▸ WHAT THE EXERCISE ASKS: From the first line to the last, write out the records exactly, leaving out images.
((
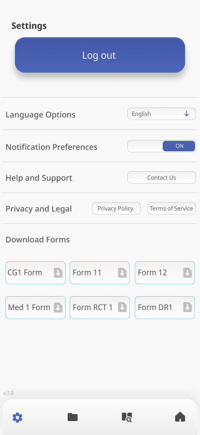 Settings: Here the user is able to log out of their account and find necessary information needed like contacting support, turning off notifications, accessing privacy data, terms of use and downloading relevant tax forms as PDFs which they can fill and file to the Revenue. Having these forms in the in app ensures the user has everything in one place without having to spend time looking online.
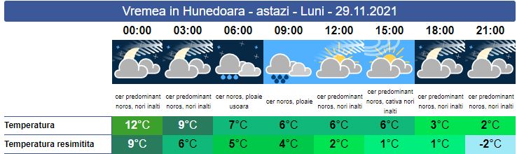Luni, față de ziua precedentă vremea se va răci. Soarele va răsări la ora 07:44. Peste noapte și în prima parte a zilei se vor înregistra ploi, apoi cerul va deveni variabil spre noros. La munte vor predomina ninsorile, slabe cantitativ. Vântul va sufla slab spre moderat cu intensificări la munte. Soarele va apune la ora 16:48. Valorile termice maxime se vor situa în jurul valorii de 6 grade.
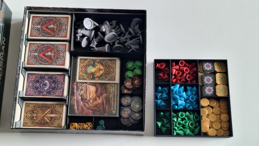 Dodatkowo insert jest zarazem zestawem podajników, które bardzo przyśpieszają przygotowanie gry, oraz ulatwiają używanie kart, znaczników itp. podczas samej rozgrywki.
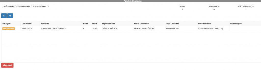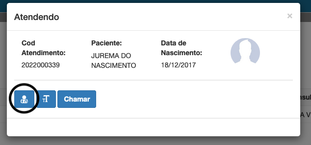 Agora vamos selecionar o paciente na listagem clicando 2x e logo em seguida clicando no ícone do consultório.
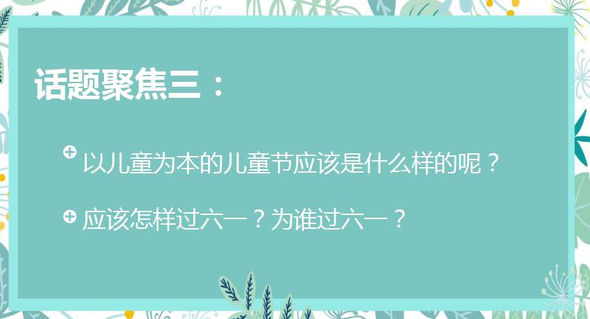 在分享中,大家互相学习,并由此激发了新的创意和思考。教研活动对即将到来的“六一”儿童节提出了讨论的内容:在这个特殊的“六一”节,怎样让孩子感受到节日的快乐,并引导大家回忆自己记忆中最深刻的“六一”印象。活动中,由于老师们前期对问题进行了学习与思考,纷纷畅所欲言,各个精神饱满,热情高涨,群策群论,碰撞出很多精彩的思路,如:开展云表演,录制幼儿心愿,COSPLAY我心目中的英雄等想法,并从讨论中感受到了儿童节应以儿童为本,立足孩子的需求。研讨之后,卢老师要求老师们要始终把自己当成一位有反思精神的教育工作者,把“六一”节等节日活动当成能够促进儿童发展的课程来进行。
))
▸ ANSWER TO THE EXERCISE:
 Settings: Here the user is able to log out of their account and find necessary information needed like contacting support, turning off notifications, accessing privacy data, terms of use and downloading relevant tax forms as PDFs which they can fill and file to the Revenue. Having these forms in the in app ensures the user has everything in one place without having to spend time looking online.
Luni, față de ziua precedentă vremea se va răci. Soarele va răsări la ora 07:44. Peste noapte și în prima parte a zilei se vor înregistra ploi, apoi cerul va deveni variabil spre noros. La munte vor predomina ninsorile, slabe cantitativ. Vântul va sufla slab spre moderat cu intensificări la munte. Soarele va apune la ora 16:48. Valorile termice maxime se vor situa în jurul valorii de 6 grade.
 Dodatkowo insert jest zarazem zestawem podajników, które bardzo przyśpieszają przygotowanie gry, oraz ulatwiają używanie kart, znaczników itp. podczas samej rozgrywki.
 Agora vamos selecionar o paciente na listagem clicando 2x e logo em seguida clicando no ícone do consultório.
 在分享中,大家互相学习,并由此激发了新的创意和思考。教研活动对即将到来的“六一”儿童节提出了讨论的内容:在这个特殊的“六一”节,怎样让孩子感受到节日的快乐,并引导大家回忆自己记忆中最深刻的“六一”印象。活动中,由于老师们前期对问题进行了学习与思考,纷纷畅所欲言,各个精神饱满,热情高涨,群策群论,碰撞出很多精彩的思路,如:开展云表演,录制幼儿心愿,COSPLAY我心目中的英雄等想法,并从讨论中感受到了儿童节应以儿童为本,立足孩子的需求。研讨之后,卢老师要求老师们要始终把自己当成一位有反思精神的教育工作者,把“六一”节等节日活动当成能够促进儿童发展的课程来进行。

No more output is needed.